◆ **PROBLEM REQUIREMENTS**:
Give back every line of the data exactly. Pictures are not part of the copy.

Stored items from a collection:
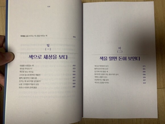 목차를 알면 이 책의 내용과 컨셉 그리고 흐름을 한 눈에 파악할 수 있다. 색으로 세상을 보기 / 색을 알면 돈이 보인다 / 색으로 운명을 바꾼다 / 운을 부르는 색 총 4가지의 대주제로 구분된다. 목차만 보아도 충분히 구미가 당기고, 꼭 보고 싶게끔 만들게한다.
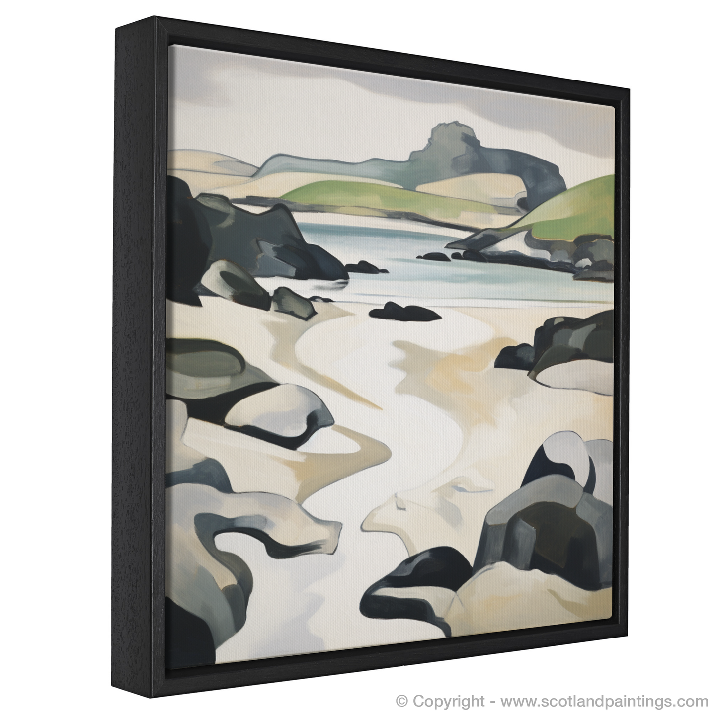Immerse yourself in the splendour of Scottish shores with this captivating rendition of Kiloran Bay, Isle of Colonsay. The print indulges the onlooker with a symphony of geometric shapes and fragmented forms synonymous with Cubist artistry. Angular lines intersect and overlap, crafting a dynamic reinterpretation of the beach's serene landscape.
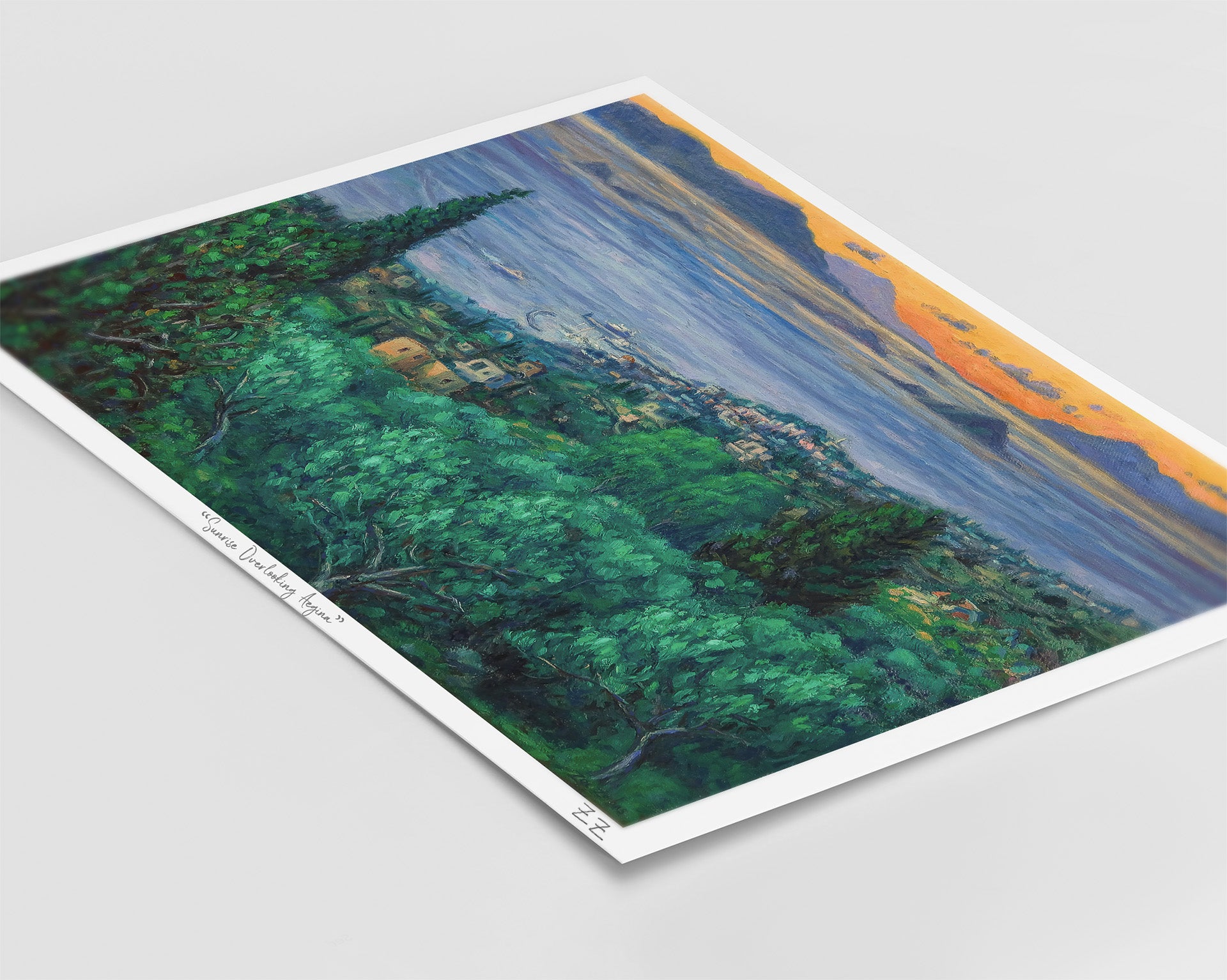 Εκτύπωση Τέχνης: Ανατολή με θέα την πόλη της Αίγινας
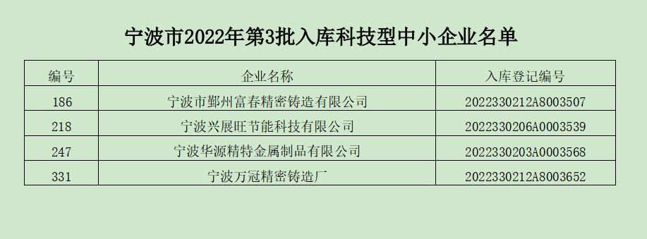 宁波市铸造行业协会会员企业:宁波市鄞州富春精密铸造有限公司、宁波兴展旺节能科技有限公司、宁波华源精特金属制品有限公司、宁波万冠精密铸造厂等4家企业入库“2022年度第三批国家科技型中小企业”。
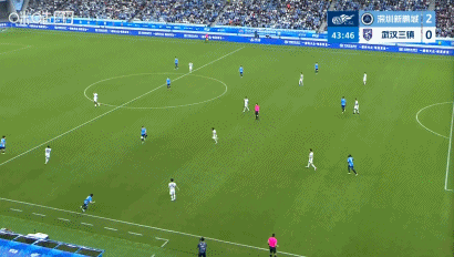 第14分钟,率先得分,韦斯利头球破门,新鹏城1-0三镇

◆ **RESPONSE BELOW**:
 목차를 알면 이 책의 내용과 컨셉 그리고 흐름을 한 눈에 파악할 수 있다. 색으로 세상을 보기 / 색을 알면 돈이 보인다 / 색으로 운명을 바꾼다 / 운을 부르는 색 총 4가지의 대주제로 구분된다. 목차만 보아도 충분히 구미가 당기고, 꼭 보고 싶게끔 만들게한다.
Immerse yourself in the splendour of Scottish shores with this captivating rendition of Kiloran Bay, Isle of Colonsay. The print indulges the onlooker with a symphony of geometric shapes and fragmented forms synonymous with Cubist artistry. Angular lines intersect and overlap, crafting a dynamic reinterpretation of the beach's serene landscape.
 Εκτύπωση Τέχνης: Ανατολή με θέα την πόλη της Αίγινας
 宁波市铸造行业协会会员企业:宁波市鄞州富春精密铸造有限公司、宁波兴展旺节能科技有限公司、宁波华源精特金属制品有限公司、宁波万冠精密铸造厂等4家企业入库“2022年度第三批国家科技型中小企业”。
 第14分钟,率先得分,韦斯利头球破门,新鹏城1-0三镇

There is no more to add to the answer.